*Problem to work on*
An exact copy of every record below is required, with the pictures left out.

(Stored items)
|---|

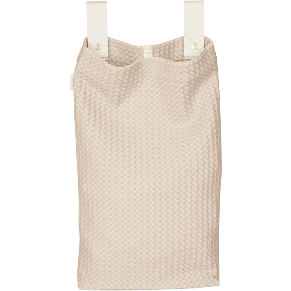 Koeka stellt Laufstallzubehör in verschiedenen Materialien, Stilen und Farben her, so dass jeder ein Produkt nach seinem Geschmack finden kann. Meistens steht der Laufstall im Wohnzimmer, daher ist es schön, wenn das Laufstallzubehör zur Einrichtung passt. In dieser praktischen Laufgittertasche können Sie alles aufbewahren, was Sie wollen. Spielzeug, Windeln, Kleider, Kuscheltiere; alles, was den Laufstall zu voll macht oder worüber Sie lieber nicht stolpern möchten, können Sie darin aufbewahren. Die Aufbewahrungstasche lässt sich mit zwei Schlaufen mit Druckknöpfen einfach am Laufstall oder am Bett befestigen. Man kann den Laufgitterbeutel oben mit einem in der Mitte angebrachten Band verschließen. Der Laufgitterbeutel hat einen verstärkten losen Boden, der vor dem Waschen entfernt werden muss.Waffelstoff von Koeka; wer kennt ihn nicht? Der waffelgeprägte Baumwollstoff ist eine coole Version der old school Retro-Waffeldecken aus den Siebzigern. Waffelprodukte sind unsere absoluten Bestseller und in einer so großen Farbauswahl erhältlich, dass es sicher eine Farbe gibt, die auch zu dir passt. Außerdem bringen wir regelmäßig eine neue Trendfarbe auf den Markt, also behaltet unsere Waffelartikel im Auge! Wusstest du, dass sich die Namen von Waffelprodukten auf das verwendete Futter beziehen? Amsterdam ist Waffel mit Frottee, Antwerpen ist Waffel mit Flanell oder Stretch Frottee und Oslo ist Waffel mit Teddy.Die Gröβe dieses Produkts ist 20x45x60cm.
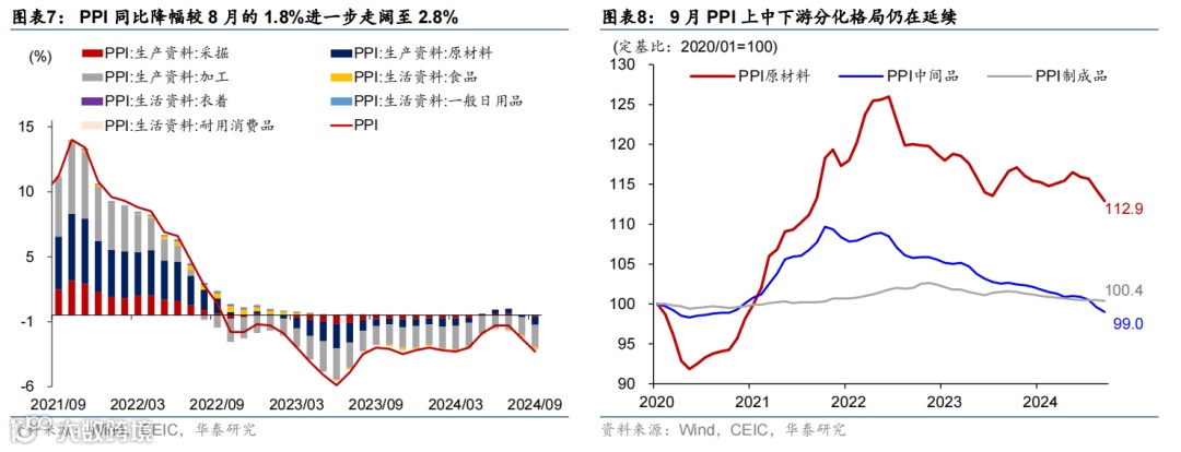 环比而言,9月PPI生产资料价格环比降幅自8月的1%略收窄至0.8%,而生活资料环比增速则较8月的0%回落至-0.1%。受国际油价下行影响、8月油气开采价格下降3.2%;煤炭开采价格环比亦较8月的-1.2%回落至-1.3%。此外,受建材需求偏弱及部分地区遭遇强风雨天气对建筑施工的扰动,黑色加工、水泥制造环比分别回落3.3%、0.8%。下游行业中,食品/医药环比增速较8月的-0.1%/0%回落至-0.2%/-0.3%;而部分新兴产业,如电子元件/工业机器人价格上升1.8%/0.6%,或反映新兴产业和传统高耗能制造业供给端景气度的分化趋势仍在延续。
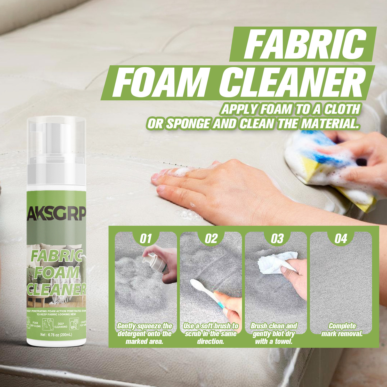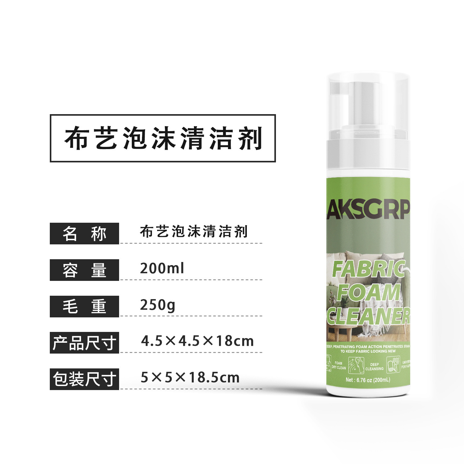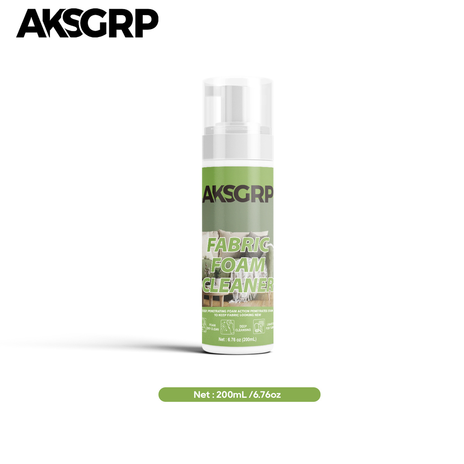 A product from the AKSGRP Furniture Cleaning Series, it has a capacity of 200ml (6.76oz) and a gross weight of 250g. The product dimensions are 4.5×4.5×18cm, and the packaging dimensions are 5×5×18.5cm. Its core feature is no-wash dry cleaning—deep penetrating foam action penetrates stains, which can clean fabric materials such as carpets and sofas, remove stubborn stains, and keep the fabric looking like new. The usage is simple: apply the foam to a cloth or sponge, then wipe the fabric surface, suitable for daily fabric furniture cleaning scenarios.
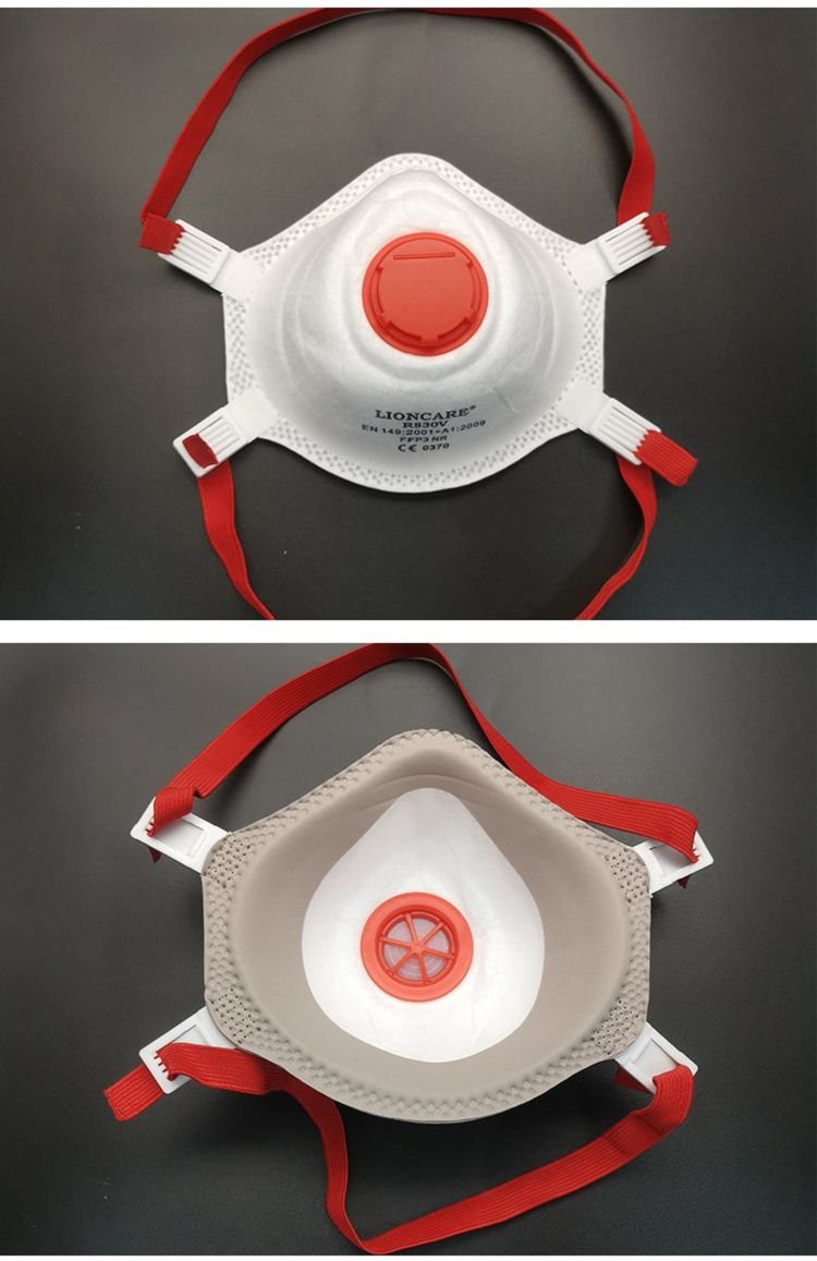 La maschera facciale respiratoria FFP3 a forma di coppa LIONCARE (4-strato) con valvole è ideale per filtrare sostanze pericolose, come aerosol solidi, liquidi e batteri elencati come tossici, fornendo una protezione di filtrazione di alta qualità. La forma a cappuccio con clip per naso attaccata assicura che la maschera facciale ffp3 NR si adatti comodamente al tuo viso. La valvola collegata garantisce una respirazione facile durante l'intera giornata lavorativa. La fodera in EVA offre un migliore comfort.
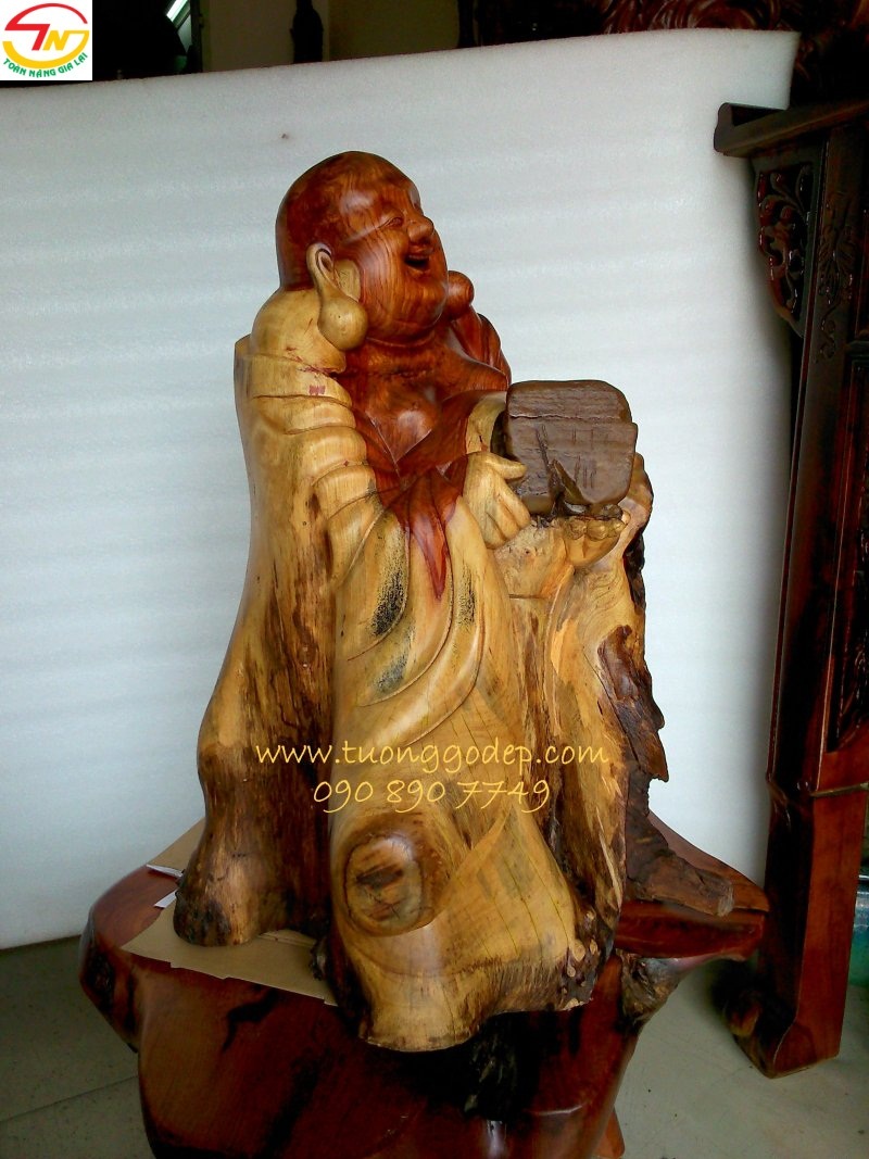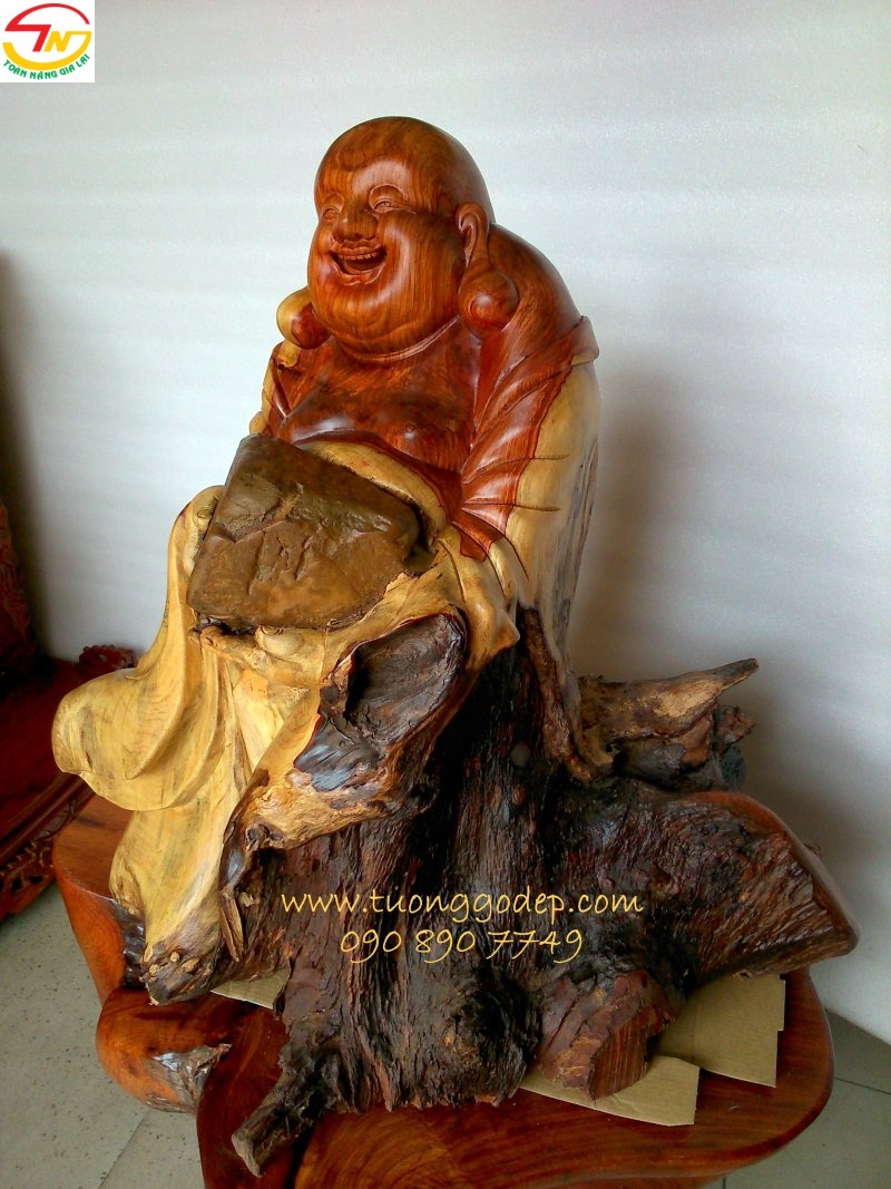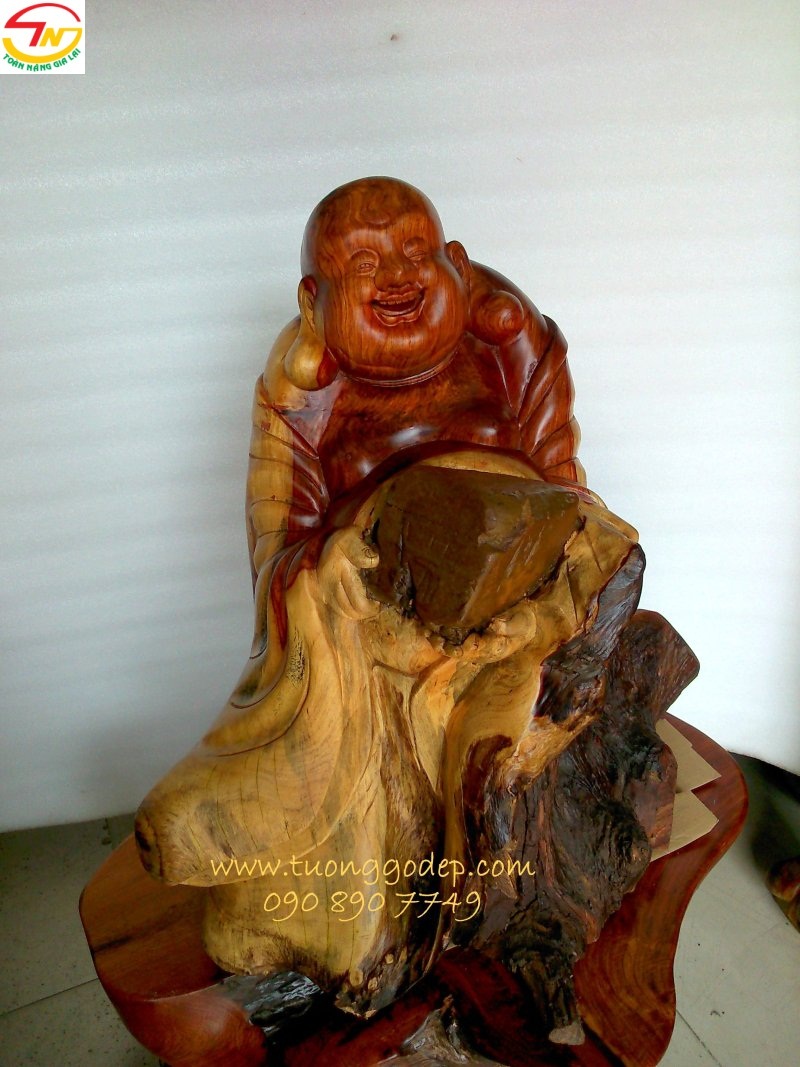 Tượng gỗ Phật Di Lặc ôm đá (Gỗ hương ôm đá tự nhiên, cao 58cm x rộng 58cm x sâu 38)

|---|

*Solved problem*
 Koeka stellt Laufstallzubehör in verschiedenen Materialien, Stilen und Farben her, so dass jeder ein Produkt nach seinem Geschmack finden kann. Meistens steht der Laufstall im Wohnzimmer, daher ist es schön, wenn das Laufstallzubehör zur Einrichtung passt. In dieser praktischen Laufgittertasche können Sie alles aufbewahren, was Sie wollen. Spielzeug, Windeln, Kleider, Kuscheltiere; alles, was den Laufstall zu voll macht oder worüber Sie lieber nicht stolpern möchten, können Sie darin aufbewahren. Die Aufbewahrungstasche lässt sich mit zwei Schlaufen mit Druckknöpfen einfach am Laufstall oder am Bett befestigen. Man kann den Laufgitterbeutel oben mit einem in der Mitte angebrachten Band verschließen. Der Laufgitterbeutel hat einen verstärkten losen Boden, der vor dem Waschen entfernt werden muss.Waffelstoff von Koeka; wer kennt ihn nicht? Der waffelgeprägte Baumwollstoff ist eine coole Version der old school Retro-Waffeldecken aus den Siebzigern. Waffelprodukte sind unsere absoluten Bestseller und in einer so großen Farbauswahl erhältlich, dass es sicher eine Farbe gibt, die auch zu dir passt. Außerdem bringen wir regelmäßig eine neue Trendfarbe auf den Markt, also behaltet unsere Waffelartikel im Auge! Wusstest du, dass sich die Namen von Waffelprodukten auf das verwendete Futter beziehen? Amsterdam ist Waffel mit Frottee, Antwerpen ist Waffel mit Flanell oder Stretch Frottee und Oslo ist Waffel mit Teddy.Die Gröβe dieses Produkts ist 20x45x60cm.
 环比而言,9月PPI生产资料价格环比降幅自8月的1%略收窄至0.8%,而生活资料环比增速则较8月的0%回落至-0.1%。受国际油价下行影响、8月油气开采价格下降3.2%;煤炭开采价格环比亦较8月的-1.2%回落至-1.3%。此外,受建材需求偏弱及部分地区遭遇强风雨天气对建筑施工的扰动,黑色加工、水泥制造环比分别回落3.3%、0.8%。下游行业中,食品/医药环比增速较8月的-0.1%/0%回落至-0.2%/-0.3%;而部分新兴产业,如电子元件/工业机器人价格上升1.8%/0.6%,或反映新兴产业和传统高耗能制造业供给端景气度的分化趋势仍在延续。
 A product from the AKSGRP Furniture Cleaning Series, it has a capacity of 200ml (6.76oz) and a gross weight of 250g. The product dimensions are 4.5×4.5×18cm, and the packaging dimensions are 5×5×18.5cm. Its core feature is no-wash dry cleaning—deep penetrating foam action penetrates stains, which can clean fabric materials such as carpets and sofas, remove stubborn stains, and keep the fabric looking like new. The usage is simple: apply the foam to a cloth or sponge, then wipe the fabric surface, suitable for daily fabric furniture cleaning scenarios.
 La maschera facciale respiratoria FFP3 a forma di coppa LIONCARE (4-strato) con valvole è ideale per filtrare sostanze pericolose, come aerosol solidi, liquidi e batteri elencati come tossici, fornendo una protezione di filtrazione di alta qualità. La forma a cappuccio con clip per naso attaccata assicura che la maschera facciale ffp3 NR si adatti comodamente al tuo viso. La valvola collegata garantisce una respirazione facile durante l'intera giornata lavorativa. La fodera in EVA offre un migliore comfort.
 Tượng gỗ Phật Di Lặc ôm đá (Gỗ hương ôm đá tự nhiên, cao 58cm x rộng 58cm x sâu 38)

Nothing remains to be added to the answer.